Even for folks who live out in the country, eighteen wheelers make their way grinding their gears, revving their engines in their way to the oilfields and they interrupt the quiet of that area. I see and hear this as I drive to Wiggins. In some places there are motocross parks and on weekends it can sound like a chainsaw convention.
Sylvia is learning how to drive- her mother takes her on a driving lesson as she has opportunity. A couple of days ago, Sylvia arrived from her lesson and sat quietly in the living room. Lanetta asked, “What’s wrong?” Sylvia: “I was honked, not for a moment for about five seconds. The man was angry that I was driving too slow!” I was eavesdropping and suggested, “Perhaps you may want to turn on the emergency lights as you’re driving.” Wrong response, this was no consolation to Sylvia.
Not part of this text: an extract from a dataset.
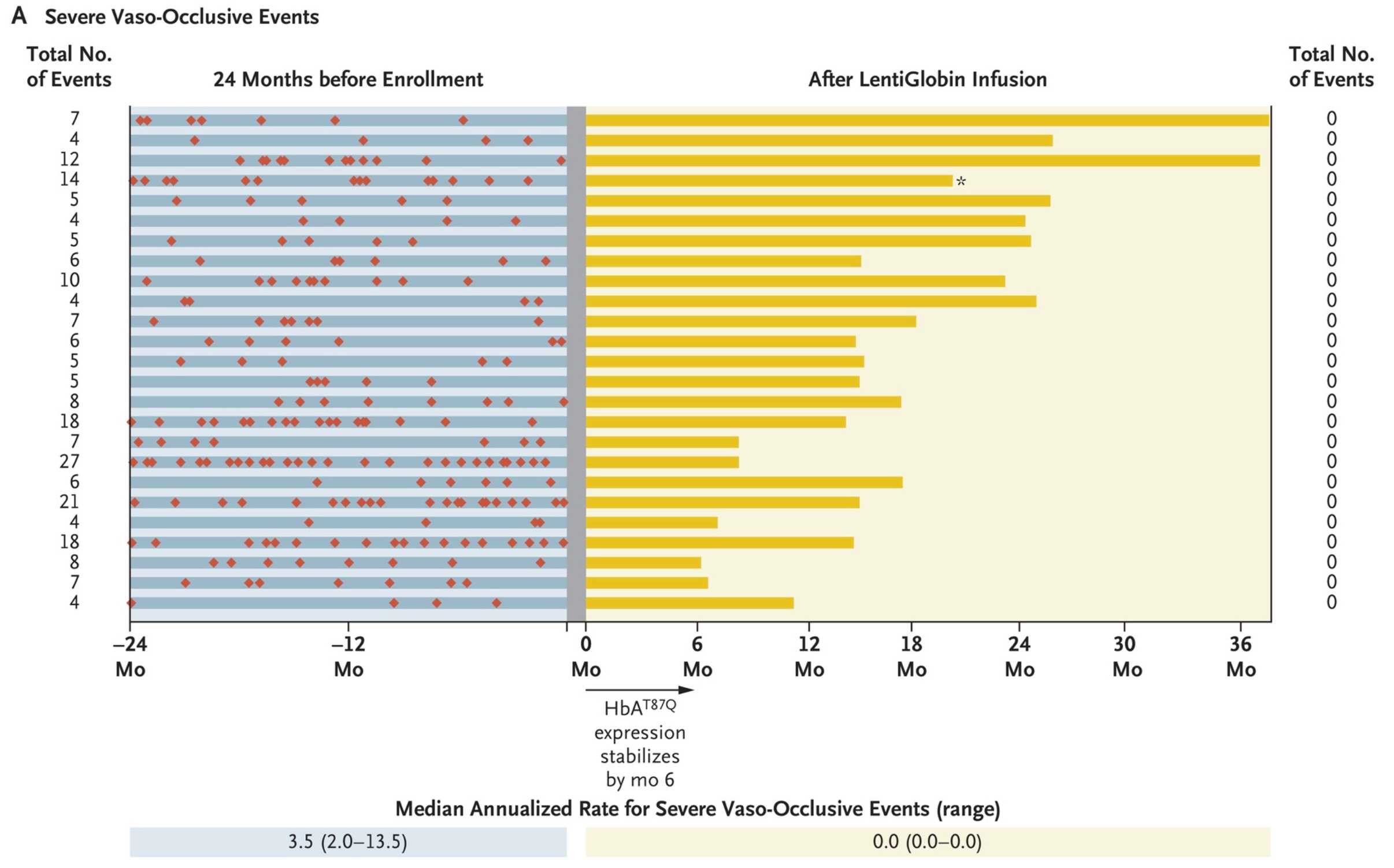 We may also have a functional cure for sickle cell disease. BlueBird Bio’s LentiGlobin (lovotibeglogene autotemcel) reported results at ASH and in NEJM showing spectacular reductions in vaso-occlusive events and improvements in markers of hemolysis, which are symptoms of disease. LentiGlobin is an autologous transplantation of hematopoietic stem and progenitor cells transduced with the BB305 lentiviral vector encoding a modified β-globin gene, which produces an antisickling hemoglobin, HbAT87Q. 25 patients with a history of vaso-occlusive events and were treated with LentiGlobin had complete resolution of severe vaso-occlusive events, leading to the spectacular figure below. Sickle cell is a crowded indication space with multiple gene therapy companies working on it. Potential commercial difficulties aside, an amazing update for patients.

Quaker faith theologian Richard Foster suggested that there are three of the biggest enemies of life with God, “Three of the devils,” he said are “Noise, hurry, and crowds” and I think he’s right on all three counts. I know that noise can certainly do it. But you know, not all the noise that distract us is external.
A good amount of noise takes place right between the ears, in takes place in our heads, it’s a racket that we deal with as we journey and it arises from within. Things like deadlines and commitments and activities and schedules make as much noise as a shouting crowd sometimes in our heads.
Our fears, our uncertainties, the things that we’re insecure about, our guilt, our self-doubt, they clamor in our heads like a rock concert sometimes and drown out everything else that God may want to speak to us.
Quietness does not come easily in this noisy, demanding, threatening world that we live in. We may have struggled with that in our noise, and never really put our finger on the source as much. If we can find the source maybe we can find the volume control and turn it down a bit so that we don’t have to live with all that noise within our head. At least some of that inner clamor comes in our heads is something that the Scripture calls our ambitions.
This Christ-following journey that we’re on takes place not only in a noisy world but it takes place in a culture of ambition, a culture that tells us constantly, that we have to accomplish and prosper, apparently without any noise at all.
We are supposed to be valuable only if we ambitiously strive for our next promotion or if we’re in a place of power, position or possession.
We’re worthy if we’re achieving and succeeding. We’re worthy if we’re turning up number one, if we’re always winning, that’s when we’re acceptable. This culture of ambition drives us and as a consequence, fills our heads with this noise that keeps us from hearing from God. That kind of selfish ambition is the root of the things that we fret over, the noise that we hear in our head. We hear the “what if’s” and “if only’s” in our head, the “could of’s” and the “should of’s,” all of those things that we use to judge ourselves with, accusing us of not doing enough or not being enough, it’s all part of this culture, the noise that is in our head.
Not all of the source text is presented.